Data excerpts:

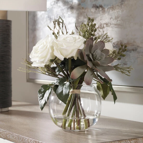 Modern floral bouquet features a unique mix of berries, greenery, seed pods, succulents and cream roses in a clear glass bud vase with faux water.
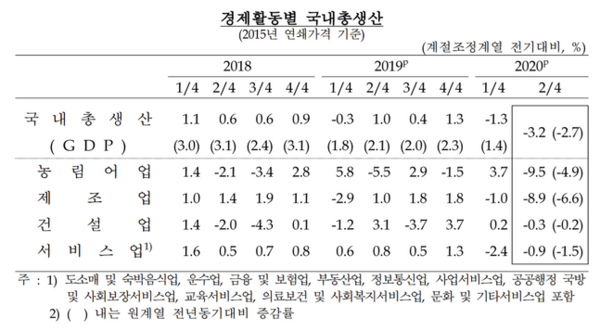 업종별로는 제조업 성장률이 -8.9%로 곤두박질쳤다. 속보치보다 0.1%포인트 올라갔지만 역대 최저치를 나타냈다. 도소매·숙박, 음식 등 서비스업은 1분기 -2.4%에서 2분기 -0.9%로 나아졌지만 마이너스 성장을 유지했다. 건설업은 같은 기간 0.2%에서 -0.3%로 내려갔다. 속보치보다 0.1%포인트 더 하향 조정됐다.
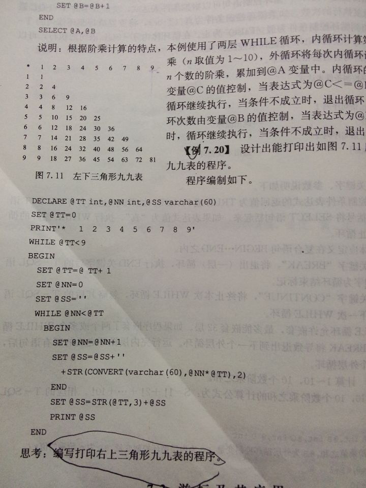 最近在学sql,遇到一个问题,就是如何用sql实现九九乘法表,我看到书上的例子实现的是正三角形的。现在思考要编写成倒三角形。希望得到各位伙伴的建议。谢谢,附图片
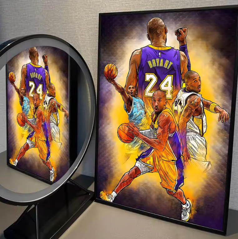 This dynamic art print features Kobe Bryant in action, capturing multiple iconic moments from his legendary career. With vivid colors and striking details, it celebrates his skill, determination, and impact on the game. Perfect for any Lakers fan or collector, this piece is a tribute to one of basketball's GOAT's!
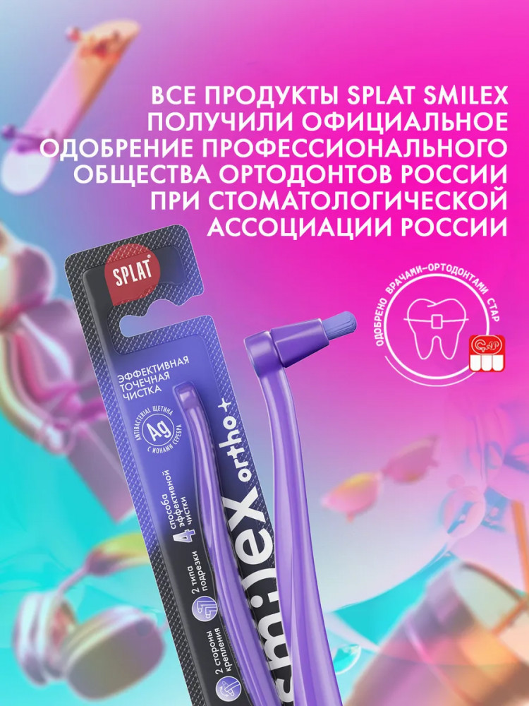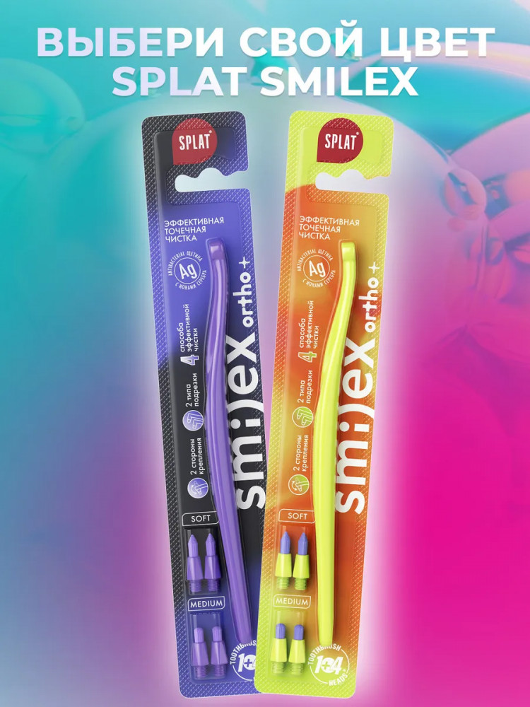 ® «Smilex Ortho+» — необходимое дополнение к мануальной щетке для более качественной гигиены полости рта. Это щетка всего с одним пучком, состоящим из 850 щетинок. Монопучок с плотно набитой щетиной легко прочищает стенки дальних жевательных зубов, фиссуры и десневую бороздку, а также удаляет налет вокруг имплантов и других ортодонтических и ортопедических конструкций.
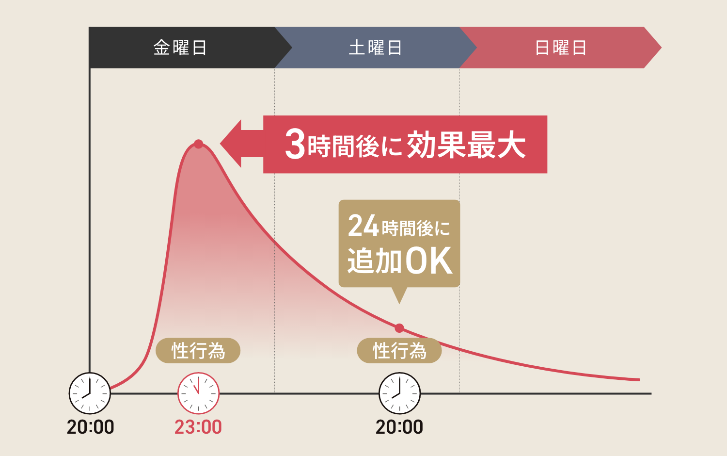 | 服用間隔 | 必ず、24時間空けてください。1度服用した後は24時間の間隔を空けることで再度服用ができます。 |
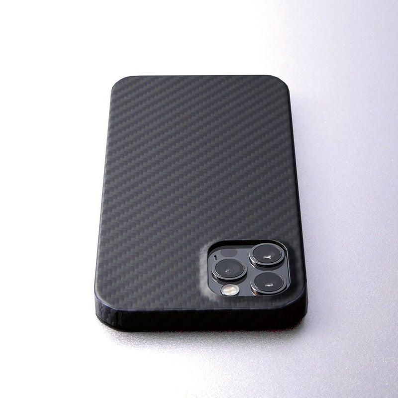 外周すべてを保護する精密成型と、スピーカーホール周りをくり貫く微細加工が施されており、アラミド繊維の特徴を活かした「DURO」は軽量かつ強靭。マット仕上げで、特殊コーティングにより滑らかで手にしっとり馴染む肌触りも実現しています。また、アラミド繊維の織り目を活かしつつ、iPhoneそれ自体の機能美溢れる美しさを際立たせるシンプルで美しい仕上がりになっています。大きなiPhoneでも持ちやすいようにストラップを取り付けることも可能です。もちろん、装着していても通話やモバイルSuicaの使用に影響はありません。
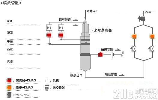 左侧:新型蒸煮器电磁流量计安装在循环与抽提管道中/
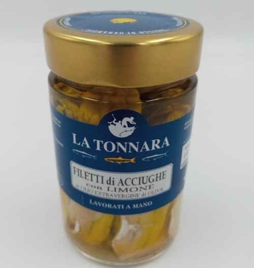 Filetti di Acciughe c/limone in Olio Extravergine di Oliva, lavorato a mano.Ingredienti: Acciughe, Olio Extravergine di Oliva,
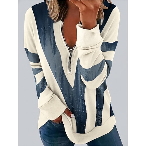 Per donna Felpa Pullover Felpe con cerniera Grafico Geometrico Moda Casual Manica Lunga Girocollo Top Regolari Streetwear Abbigliamento Quotidiano Casuale Cerniera Stampato Blu Primavera Autunno

Task goal »
Only the lines from the one with "This dynamic art" through the last line above belong in the answer. Reproduce them exactly, without the pictures.

Output below »
 This dynamic art print features Kobe Bryant in action, capturing multiple iconic moments from his legendary career. With vivid colors and striking details, it celebrates his skill, determination, and impact on the game. Perfect for any Lakers fan or collector, this piece is a tribute to one of basketball's GOAT's!
 ® «Smilex Ortho+» — необходимое дополнение к мануальной щетке для более качественной гигиены полости рта. Это щетка всего с одним пучком, состоящим из 850 щетинок. Монопучок с плотно набитой щетиной легко прочищает стенки дальних жевательных зубов, фиссуры и десневую бороздку, а также удаляет налет вокруг имплантов и других ортодонтических и ортопедических конструкций.
 | 服用間隔 | 必ず、24時間空けてください。1度服用した後は24時間の間隔を空けることで再度服用ができます。 |
 外周すべてを保護する精密成型と、スピーカーホール周りをくり貫く微細加工が施されており、アラミド繊維の特徴を活かした「DURO」は軽量かつ強靭。マット仕上げで、特殊コーティングにより滑らかで手にしっとり馴染む肌触りも実現しています。また、アラミド繊維の織り目を活かしつつ、iPhoneそれ自体の機能美溢れる美しさを際立たせるシンプルで美しい仕上がりになっています。大きなiPhoneでも持ちやすいようにストラップを取り付けることも可能です。もちろん、装着していても通話やモバイルSuicaの使用に影響はありません。
 左侧:新型蒸煮器电磁流量计安装在循环与抽提管道中/
 Filetti di Acciughe c/limone in Olio Extravergine di Oliva, lavorato a mano.Ingredienti: Acciughe, Olio Extravergine di Oliva,
 Per donna Felpa Pullover Felpe con cerniera Grafico Geometrico Moda Casual Manica Lunga Girocollo Top Regolari Streetwear Abbigliamento Quotidiano Casuale Cerniera Stampato Blu Primavera Autunno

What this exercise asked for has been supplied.